As a general rule of biology, large mammals don’t live their whole lives in trees. Sure, trees offer great protection from predators and give you a pretty solid view of what is going on in your neck of the woods, but the food stinks. Living on a diet of leaves alone usually limits mammals to about the size of a squirrel. Most animals you can think of that make their homes in forest canopies rely on insects, fruits, or other means of added nutrition to keep them going. Not three-toed sloths, though. The reason these furry tree-dwellers move so slowly is because their metabolism is the slowest of any mammal. Leaves offer them so little in the way of nutrition that they can’t afford to waste a single calorie.

Surprisingly, their dietary deficiencies may also help explain one of the weirdest things sloths do. For years, biologists have puzzled over why sloths risk getting chomped on by predators once every week when they leave the trees to poo. They would be easy enough targets if they used different locations as their toilets, but for some reason sloths go back to the same spot time and time again. It is the only thing in their lives that they willingly leave the trees for.

Surprisingly, a recent study from biologist Jonathan Pauli at the University of Wisconsin suggests that the reason for this peculiar bathroom behaviour might lie in the sloths’ disgustingly unkempt fur. One of the odd side effects of their moving so slowly is that algae actually grows in the fur of three-toed sloths. The algae makes them appear green during the wet season and brown during the dry, so the arrangement actually provides them with some added camouflage. The interesting part about what Pauli had found is that the ecosystems in their fur also help supplement a slothful diet. Studying the stomach contents of sloths revealed that they eat the algae when grooming, which provides additional fats and calories that they need to make up for eating all those empty leaf calories. 

That is all well and good but how does it explain sloths’ preferred pooing spots? As it turns out, algae isn’t the only thing living in a sloths' fur. Their follicle forests are also home to moths. Up to 120 individual moths have been found living in the fur of one sloth. By observing the sloths for weeks on end, Pauli developed a theory that these moths were laying their eggs in the sloths’ dung. When the slow-moving hosts returned to their bathroom spots, the eggs hatched and the new moths hopped aboard to keep the cycle going.
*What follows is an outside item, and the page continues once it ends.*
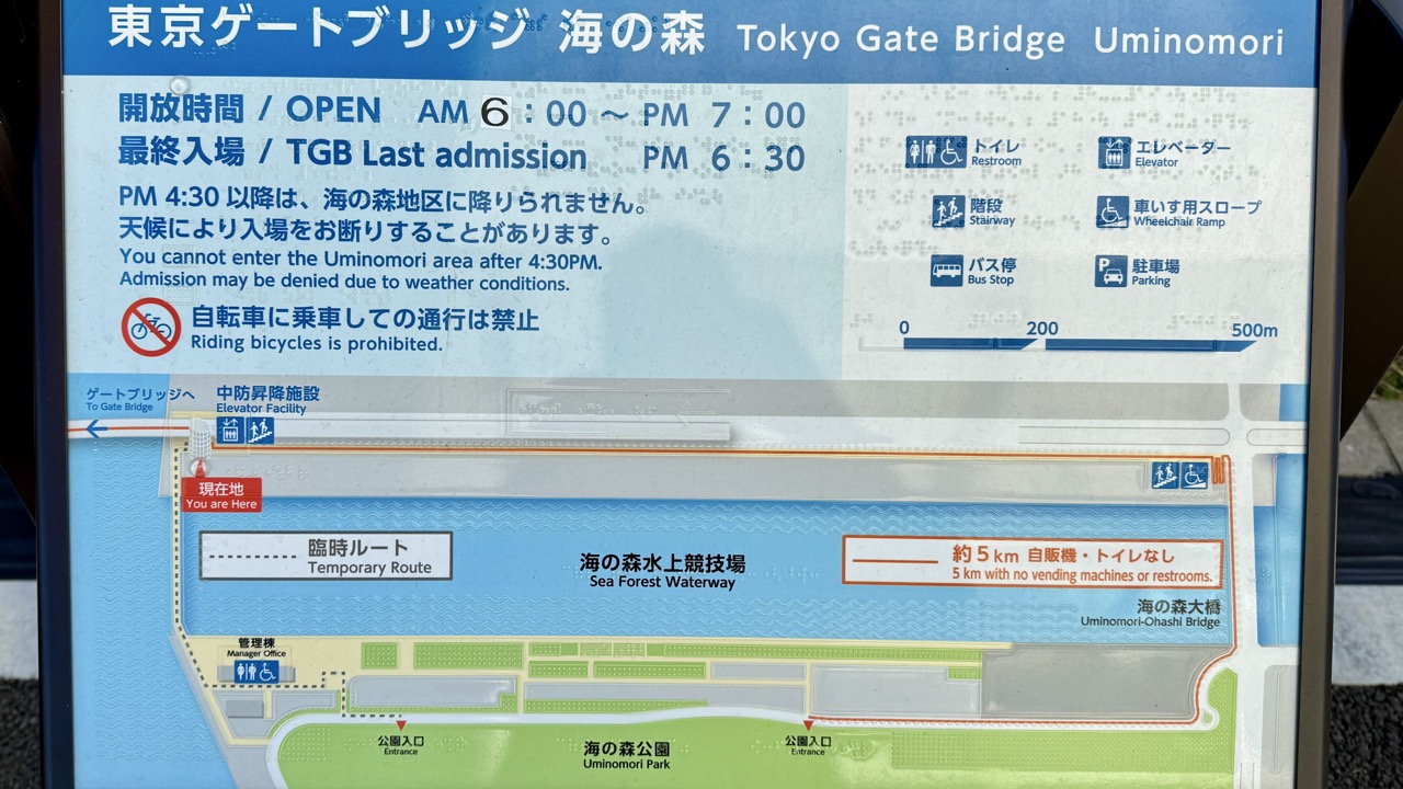 東京湾中央防波堤に到着。ここから海の森公園の中央入口までは海の森大橋を渡って5kmほど。ただし臨時ルートを通行すれば近道できます。

Apparently, when the moths die and decompose in the sloths’ fur, they provide nutrients that allow the algae to grow. As we have seen, the sloths benefit from the algae by way of camouflage and a handy snack. In short sloths, moths, and algae have worked out one of the strangest symbiotic ménage a trois in nature. This also explains why three-toed sloths living in cleaner captive conditions often aren’t as healthy as their wild counterparts.

The morale of the story? They may be cute and easy to catch, but you really don’t want to hug a sloth.

Friday, 2 May 2014

Sketchy Fact #38: Emotional Orcas

Scientists believe that Orcas (Killer Whales) are the second most cultural animals on Earth after humans. Scans of their brains show huge areas devoted to emotion and analytical skills. Separate groups have completely different hunting techniques and are even thought to have their own languages.